Mean imaging time was significantly shorter ( < .01) for the proposed pulse sequence (5.9 minutes ± 1.3) than for the reference pulse sequence (10.6 minutes ± 2). Median SVS was significantly higher ( < .01) for the proposed (SVS = 11) than reference (SVS = 9.5) 3D LA LGE images. Interrater reproducibility in visual scores was higher for the proposed (κ = 0.78-1) than reference 3D LA LGE (κ = 0.44-0.75). Intrareader repeatability in fibrosis quantification was higher for the reference cohort (intraclass correlation coefficient [ICC] = 0.94) than the prospective cohort (ICC = 0.79).
The proposed 3D LA LGE method produced clinically acceptable image quality with 1.5 mm × 1.5 mm × 2-mm nominal spatial resolution and 6-minute predictable imaging time for quantification of LA scar and fibrosis in patients with AF. © RSNA, 2020.
利用星状堆叠式k空间采样的平衡稳态自由进动读出和额外运动状态黄金角径向稀疏并行(XD-GRASP)重建技术,开发一种加速三维(3D)延迟钆增强(LGE)脉冲序列,并测试其在检测心房颤动(AF)患者心房瘢痕和纤维化方面的性能。
25例AF患者(20例阵发性和5例持续性;65岁±7岁[标准差];18例男性)在1.5T磁共振成像系统上采用所提出的LGE序列进行成像,空间分辨率为1.3mm×1.3mm×2mm,成像时间可预测。将所得图像与25例AF患者(18例阵发性和7例持续性;67岁±10岁;14例男性)的历史图像进行比较,后者使用参考三维左心房(LA)LGE序列获得,空间分辨率为1.3mm×1.3mm×2.5mm。两名阅片者对3D LGE图像的清晰度、伪影、噪声进行五分制李克特量表评分(1=最差,3=可接受,5=最佳),其中总视觉评分(SVS)≥9定义为临床可接受。进行适当的统计分析(Cohen κ系数、Mann-Whitney检验、检验和组内相关分析),P值<0.05被认为具有统计学意义。

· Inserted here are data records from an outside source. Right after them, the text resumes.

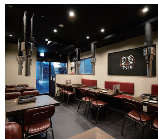
高級感あふれるハイセンスな店内。個室もあります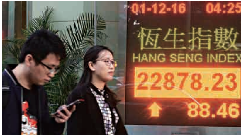
▲恒指昨日曾突破二萬三關，惟其後升幅縮窄，收市報22878點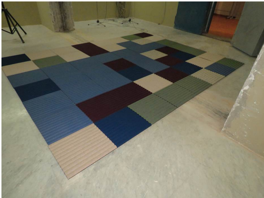
Foto durante il test / Photo during the test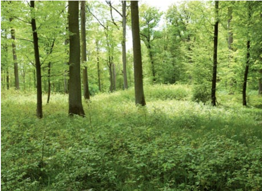
Abbildung 3: Gelungene Eichennatur- verjüngung im Forstbetrieb Arnstein (BaySF)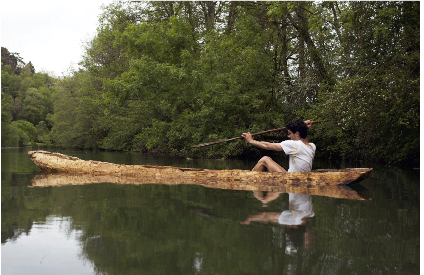
Pirogue monoxyde , bois, 50 × 50 × 550cm, Poitiers, 2019.

→ Vidéo de la fabrication de l'œuvre (6mn12sec)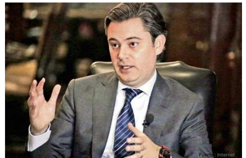
En la foto, Aurelio Nuño, Secretario de Educación Pública

hechos el 6 de abril. La comunicación de ambas modificaciones se dio a través de los medios de comunicación, sin discusión previa y sin explicar claramente la necesidad de tal cambio, haciendo evidente una falta de voluntad para el diálogo, suscitando un escenario de desestabilización, pues se fomenta la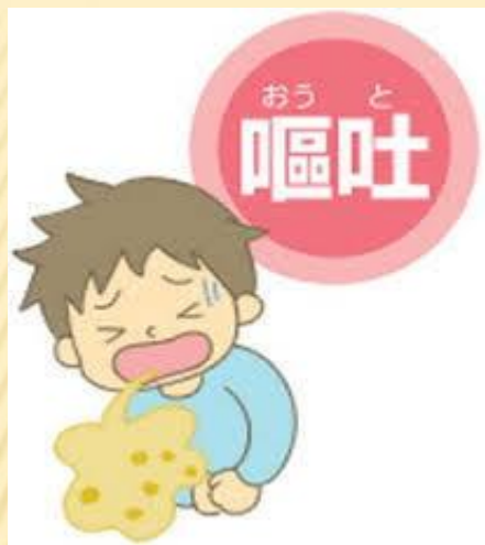
①何らかの原因で嘔吐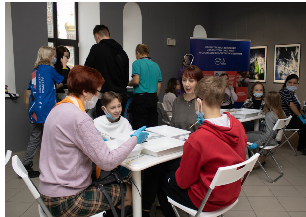
Мероприятия по реализации проекта «Эбру». Декабрь 2021 г.

Однако волонтерство в сфере культуры получило свой развитие позднее других направлений. Спектр задач для добровольцев в данной сфере достаточно широк: начиная с участия в проведении крупных культурных акций «Ночь музеев» и «Ночь искусств» и заканчивая работой в архивах и научных отделах музеев.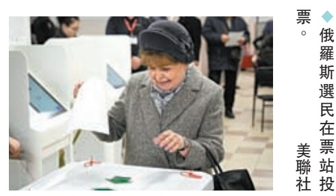
◆俄羅斯選民在票站投票。

斯科當地時間21時，投票率已達58.1%。俄中央選舉委員會將不晚於28日確認選舉最終結果，並在確認後3日內公布。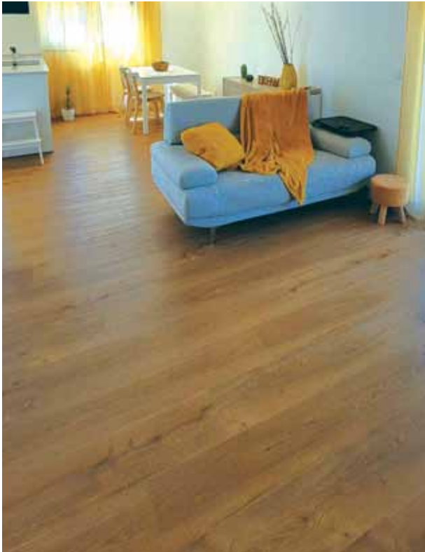
9573 Honey Mountain Oak Plovoucí vinilová podlaha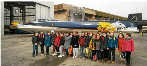
Les élèves de CM1 de l'école Victor-Hugo ont visité la Cité de la voile à Lorient.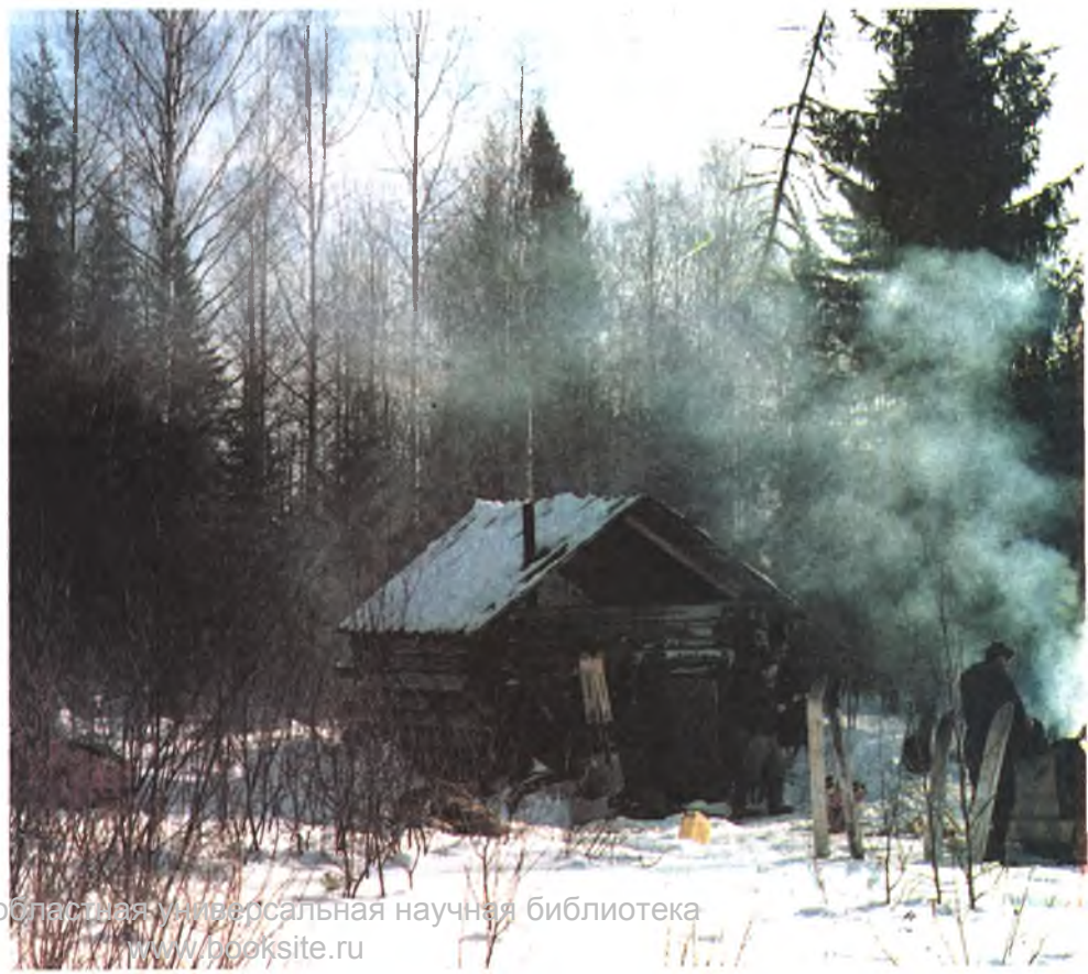
Фотоконкурс «Охота и природа»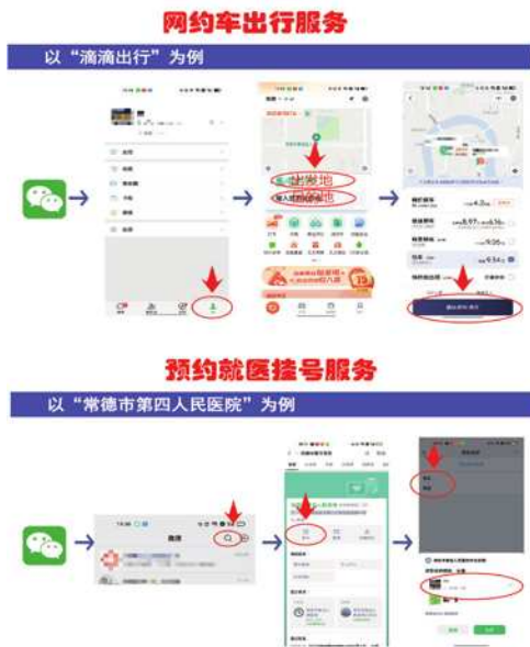
图 3 网约车出行服务、预约就医挂号服务

所提出的脉冲序列平均成像时间(5.9分钟±1.3)明显短于参考脉冲序列(10.6分钟±2)(P<0.01)。所提出的3D LA LGE图像的SVS中位数(SVS=11)明显高于参考图像(SVS=9.5)(P<0.01)。所提出的3D LA LGE图像视觉评分的阅片者间重复性(κ=0.78-1)高于参考图像(κ=0.44-0.75)。参考队列中纤维化定量的阅片者内重复性(组内相关系数[ICC]=0.94)高于前瞻性队列(ICC=0.79)。
所提出的3D LA LGE方法在AF患者中产生了临床可接受的图像质量,名义空间分辨率为1.5mm×1.5mm×2mm,成像时间可预测为6分钟,用于量化LA瘢痕和纤维化。©RSNA,2020。